In Erin Brockovich, it’s pretty clear what a woman’s place is supposed to be. Opening in a job interview, Erin (Julia Roberts) sits with her permed hair and low-cut top, explaining that she might not have experience but she learns fast. Oh, and she has three kids to support by herself. Typically, she’s turned away. ‘I don’t need pity, I need a paycheck,’ she argues with another potential employer. ‘And I’ve looked, but when you spend the past six years raising babies its real hard to convince anyone to give you a job that pays a penny’. But she’s a mother who kisses her children goodnight and tucks them in, who puts them first even if it means she has to spend time away from them. Somehow the patriarchal ideals of motherhood makes her both the icon and the failure.

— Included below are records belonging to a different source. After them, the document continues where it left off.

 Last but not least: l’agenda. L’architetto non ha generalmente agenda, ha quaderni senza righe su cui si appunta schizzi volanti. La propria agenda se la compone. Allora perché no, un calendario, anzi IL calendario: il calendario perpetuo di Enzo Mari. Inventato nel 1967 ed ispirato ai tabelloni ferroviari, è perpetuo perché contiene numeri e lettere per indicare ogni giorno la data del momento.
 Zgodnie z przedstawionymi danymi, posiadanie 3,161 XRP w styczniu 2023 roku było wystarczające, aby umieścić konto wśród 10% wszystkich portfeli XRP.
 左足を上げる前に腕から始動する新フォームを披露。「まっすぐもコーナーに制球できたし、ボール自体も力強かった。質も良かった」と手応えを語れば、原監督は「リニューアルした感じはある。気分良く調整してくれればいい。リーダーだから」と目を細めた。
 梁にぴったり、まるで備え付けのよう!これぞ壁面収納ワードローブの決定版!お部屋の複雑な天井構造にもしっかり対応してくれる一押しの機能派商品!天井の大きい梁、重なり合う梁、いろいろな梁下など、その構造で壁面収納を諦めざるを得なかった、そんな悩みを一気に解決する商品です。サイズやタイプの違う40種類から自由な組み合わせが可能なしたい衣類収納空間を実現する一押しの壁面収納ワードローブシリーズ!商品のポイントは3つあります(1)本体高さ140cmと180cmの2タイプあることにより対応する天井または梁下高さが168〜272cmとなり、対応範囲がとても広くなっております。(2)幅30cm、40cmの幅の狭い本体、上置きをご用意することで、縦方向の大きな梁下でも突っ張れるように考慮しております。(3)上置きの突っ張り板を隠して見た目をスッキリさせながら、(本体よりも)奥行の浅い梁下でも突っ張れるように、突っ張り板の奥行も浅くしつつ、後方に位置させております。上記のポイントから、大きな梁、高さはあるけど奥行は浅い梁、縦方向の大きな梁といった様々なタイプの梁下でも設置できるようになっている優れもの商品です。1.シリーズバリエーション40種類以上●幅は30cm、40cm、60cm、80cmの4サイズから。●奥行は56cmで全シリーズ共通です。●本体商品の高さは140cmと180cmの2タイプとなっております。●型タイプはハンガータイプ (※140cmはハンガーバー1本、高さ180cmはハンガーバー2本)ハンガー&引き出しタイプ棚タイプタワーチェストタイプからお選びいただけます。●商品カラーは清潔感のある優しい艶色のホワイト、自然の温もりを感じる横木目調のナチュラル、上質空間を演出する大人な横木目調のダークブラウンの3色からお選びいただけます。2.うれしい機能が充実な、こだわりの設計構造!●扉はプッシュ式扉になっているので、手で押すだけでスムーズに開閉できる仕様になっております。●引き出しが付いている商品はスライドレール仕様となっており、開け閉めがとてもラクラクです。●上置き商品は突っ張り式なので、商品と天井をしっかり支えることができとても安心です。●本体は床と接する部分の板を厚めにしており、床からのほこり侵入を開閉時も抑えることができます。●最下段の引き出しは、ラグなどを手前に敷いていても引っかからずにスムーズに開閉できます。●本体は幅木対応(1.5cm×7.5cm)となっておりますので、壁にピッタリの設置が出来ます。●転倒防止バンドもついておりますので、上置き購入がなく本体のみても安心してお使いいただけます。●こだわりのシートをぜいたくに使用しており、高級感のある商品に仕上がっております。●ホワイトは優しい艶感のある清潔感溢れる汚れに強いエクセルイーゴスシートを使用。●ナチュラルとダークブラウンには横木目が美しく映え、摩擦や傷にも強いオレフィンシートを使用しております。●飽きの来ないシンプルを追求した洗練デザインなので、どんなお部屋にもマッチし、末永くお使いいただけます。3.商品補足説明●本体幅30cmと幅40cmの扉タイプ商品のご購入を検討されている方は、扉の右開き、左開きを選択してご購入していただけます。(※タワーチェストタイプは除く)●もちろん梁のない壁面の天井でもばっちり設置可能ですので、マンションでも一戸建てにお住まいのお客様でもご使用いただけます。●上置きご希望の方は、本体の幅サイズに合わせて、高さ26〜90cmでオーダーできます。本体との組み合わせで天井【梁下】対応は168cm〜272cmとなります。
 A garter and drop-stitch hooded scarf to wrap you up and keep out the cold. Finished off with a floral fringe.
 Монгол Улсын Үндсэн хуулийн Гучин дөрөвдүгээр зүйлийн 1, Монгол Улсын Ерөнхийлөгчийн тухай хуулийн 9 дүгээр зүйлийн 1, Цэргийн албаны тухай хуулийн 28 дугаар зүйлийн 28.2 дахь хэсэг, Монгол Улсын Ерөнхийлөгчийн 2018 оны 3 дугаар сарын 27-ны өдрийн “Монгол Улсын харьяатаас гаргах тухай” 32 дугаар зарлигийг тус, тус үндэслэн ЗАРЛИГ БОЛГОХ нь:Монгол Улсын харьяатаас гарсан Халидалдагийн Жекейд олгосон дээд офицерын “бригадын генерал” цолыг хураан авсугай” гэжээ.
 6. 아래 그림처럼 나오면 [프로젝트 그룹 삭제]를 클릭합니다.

The landscape of On the Basis of Sex almost feels like another world. It begins at Harvard Law School, where infamous Ruth Bader Ginsberg (Felicity Jones) walks the hallowed halls amongst a tsunami of men. The pressures appear differently (class can be just as big a disadvantaging factor as gender), but it doesn’t take long to notice they’re still there. At a dinner held especially for the nine female students to ‘welcome’ them, the Dean asks them to explain why they are occupying a place that could have gone to a man. One says she didn’t want to get married or become a teacher, so- ‘that’s not a very good reason,’ the Dean interrupts. When it gets to Ruth, you can see her hesitation. So, she lies. Her husband also studies law, so she wants to learn to be ‘a more patient and understanding wife’. Cut to Ruth kicking her shoes off at home, ranting to her husband while her fourteen-month-old baby sleeps in the next room. ‘We came to Harvard to be lawyers! Why else?’

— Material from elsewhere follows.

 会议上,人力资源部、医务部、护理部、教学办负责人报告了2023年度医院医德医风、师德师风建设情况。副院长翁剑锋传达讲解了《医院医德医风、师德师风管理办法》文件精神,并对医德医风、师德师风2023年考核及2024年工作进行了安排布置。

After years of studying for both herself and her husband when he falls ill, Ruth is in New York, interviewing at every law firm she can find. But she’s told to interview for the secretarial pool, she’d be too emotional, assertive, might have her next baby too soon. ‘One interviewer told me I had a sterling resume, but they hired a woman last year and what in the world would they want with two of us?’ Defeated, and desperate for a job, she accepts a position as a professor, despite her husband’s (now recovered and at the top of his game as a tax lawyer) disappointment. ‘You can’t quit,’ he insists. But the obstacles she faces are different to his, even if they’re in the same game. And she’s tired. That’s the thing, the ‘little’ dismissals are so exhausting, and there’s a point where taking even a small, ‘second best’, victory feels like the only option. ‘I got a job!’ she says. ‘Just open the champagne’.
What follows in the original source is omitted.